Like clockwork, it ricocheted through conspiracy Twitter then Conservative Twitter, finally reaching traditional Conservative media. It’s probably now banging around email forwards. No one is innocent here, certainly not the original Twitter user who knew this would happen but did it anyway (probably staking a claim that the Tweet was to prove a point about gullibility) and certainly not otherwise rational people who decided to become gullible or to willfully ignore satire as a way to score a point for their candidate.

This is no mere anomaly. As long as everyone is a publisher, the tendency to keep trying to influence the masses through deception and willful ignorance will blunt our democratic process.

Kim Davis: 2012 is still relevant. The GOP commissioned a post mortem examination of Romney’s loss, the “Growth and Opportunity Project,” which recommended outreach to women, African, Asian, Hispanic and gay voters, and what Chairman Reince Priebus called at the time “a softer tone.” While Donald Trump’s rhetoric hasn’t been notably hostile to the LGBT community, his outreach–if that’s the right word–on women’s issues and immigration will have decided the 2016 race.

My only other thought: To paraphrase James Carville (Bill Clinton’s 1992 chief strategist), “it’s the electoral college, stupid.”  That means a really tough path to victory even for a savvy, data-driven Republican campaign.

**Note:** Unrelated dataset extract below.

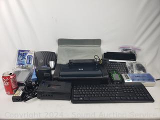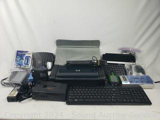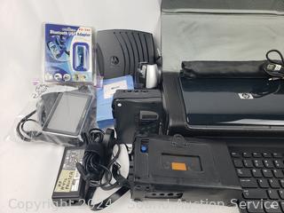 Universal charger, HP H470 Printer, Sony Cassette Recorder, USB keyboard, USB bluetooth adapter, Grundig recorder, Garmin navigation, Eton Scorpion II Solar Survival Radio/Flashlight. Refer to photos for more details.

Perry Simpson: When people say the election has been divisive, they’re usually talking about matters of  race or gender politics. What is less discussed is the clear division between older audiences and younger voters; a division that mostly manifested itself in Bernie Sanders and Donald Trump. In much the same way that older (mostly white) voters have vehemently supported Trump, young progressives were ravenously supportive of Sanders. And the candidates knew this.

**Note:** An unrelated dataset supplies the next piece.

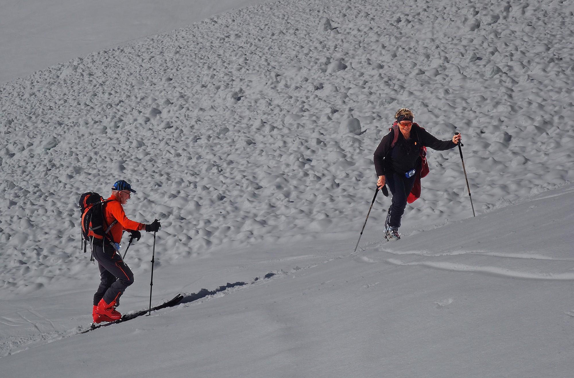 Wieder ins Birgkar, schon bei der Anreise die Sicht ins Kar möglich, ja, alles voller Lawinenschnee, im April, südseitig und bei Wärme rechnet man mit Nassschnee, diesmal nicht, der ganze Haufen brettartig angebrochen und das aus mehreren Richtungen. Die Lawine hart gefroren und mit etwas Neuschnee zugedeckt. Für die Abfahrt findet man dann doch wieder schöne Möglichkeiten.

Both Sanders and Trump marketed themselves almost exclusively to their respective age demographics, which isn’t itself a bad thing. Marketing budget is ill spent if it doesn’t specifically target existing or prospective customers, right? The problem here is that younger and older audiences were already coping with our new digital economy in widely different ways, and each group became a bit fast and loose with facts in their efforts to support or attack either candidate. As the campaigns progressed these two groups split down the middle to the point where there are now two (or more) alternate digital realities. Facts are relative, polarization is rampant, and “fair and balanced” depends on who you ask.

Alex Neely: The 2016 US Presidential Election, or as it’s more commonly known as Life in the Upside-Down, has provided the country with unquestionably some of the most bizarre headlines, phrases, hashtags and photographs in not just election but news history. It is an ideological nightmare and a reporter’s dream! Election Day is finally here, and with it comes the arrival of a new US president and vice-president and the return of old readerships and ratings.

Elyse Dupre: This election has been all about the emails. Not just the ones recently reviewed by the FBI, but also the ones flooding voters’ inboxes on a daily basis. Hillary Clinton’s campaign has had high email send volume (with this DMN staffer counting up to seven emails in one day). These messages—addressed from her campaign staff, Barack and Michelle Obama, Tim Kaine, and Hillary and Chelsea Clinton—primarily solicit donations from voters; although, others have asked people to share their support on social media, participate in campaign contests, or make calls. Donald Trump’s campaign has been emailing supporters, as well, although less frequently—sometimes two to four times a day, according to this editor’s count—and from multiple domains.

Like Clinton’s staff, team Trump has been soliciting donations. His campaign has also notified voters about events and asked them to show their support via social media. Although, the Republican candidate faced spam issues in the past. Recent data from eDataSource shows Clinton’s campaign pulling ahead in terms of projected reach and average inbox rate; however, Trump takes the lead in terms of average read rate. And while the race ends Tuesday, voters can may continue to receive emails for a while.